MY VERY OWN PÁGINA EN BLANCO
Por Sebastián Antezana*
Entonces, cuando todavía nada había pasado, se veía como un puntito verde y azul, pacífico, flotante, en medio de una calma ingrávida. Después del impacto todo quedaría arrasado y no habría más tiempo, pero entonces todavía existía y por eso puedes contar una historia.
Esa noche estás con Laura. Mientras le acaricias el pelo piensas que la quieres mucho y que por eso la situación es terrible. Además, piensas en el cuento que estás escribiendo, en la inminente llegada del asteroide.

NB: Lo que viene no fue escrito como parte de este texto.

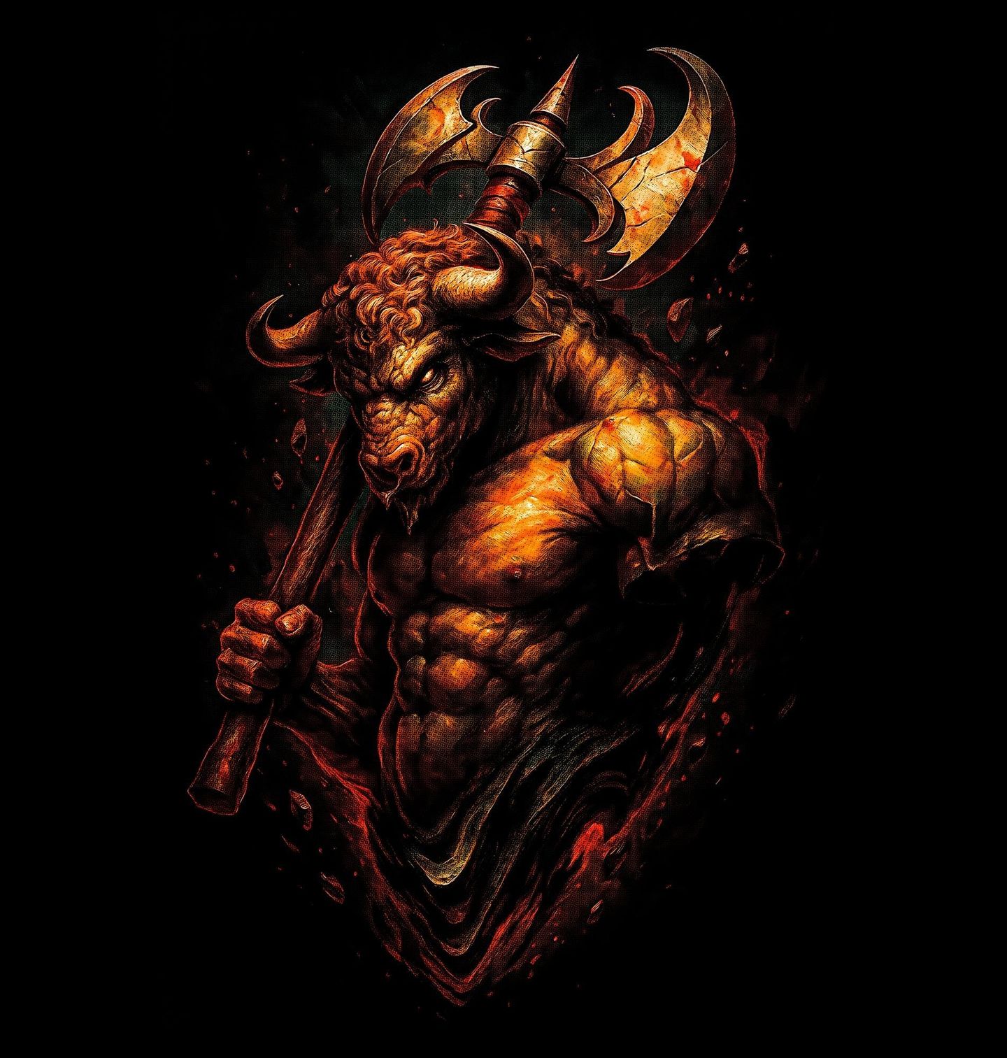 Pánská mikina Minotaurus Strážce labyrintu. Temný a silný motiv zachycuje Minotaura, jednu z nejděsivějších bytostí, jaké řecká mytologie zná. Napůl muž, napůl býk – symbol brutální síly, chaosu a primitivní energie. Podle legend byl Minotaurus uvězněn v obrovském labyrintu, který nechal postavit král Mínós. Tento spletitý komplex chodeb navrhl vynálezce Daidalos tak, aby z něj nebylo úniku.

Allí, eso de que, finalmente, el planeta vaya a ser golpeado por una roca celeste, después de verlo retratado hasta el cansancio en multitud de libros y películas, es de tan mal gusto que resulta irresistible: millones de personas esperando a que un cliché aniquile de un solo golpe la Tierra. Ves a Laura, es algo ancha de cintura y bonita. Mientras le susurras al oído que quieres hacérselo una última vez, le pones las manos sobre las caderas y sueñas, como en el cuento, con irte a vivir a una de las muchas estaciones-bar que orbitan la Tierra, múltiples pequeños satélites que forman un ancho cinturón verde y difuso hecho de alcohol metílico. Piensas que sería hermoso ser uno de los pocos privilegiados que pueden ver desde allí, desde una estación lo suficientemente lejana a la colisión y sosteniendo un vodka tonic, cómo el asteroide impacta el corazón del sudeste de Asia, devastando en milésimas de segundo todas aquellas islas y todos aquellos mares que súbitamente se transforman en materia ígnea y convulsionada, mutante y volátil, y que se dispersa irremediablemente a los confines del espacio. Todo convulsionado. El universo en sus primeros días.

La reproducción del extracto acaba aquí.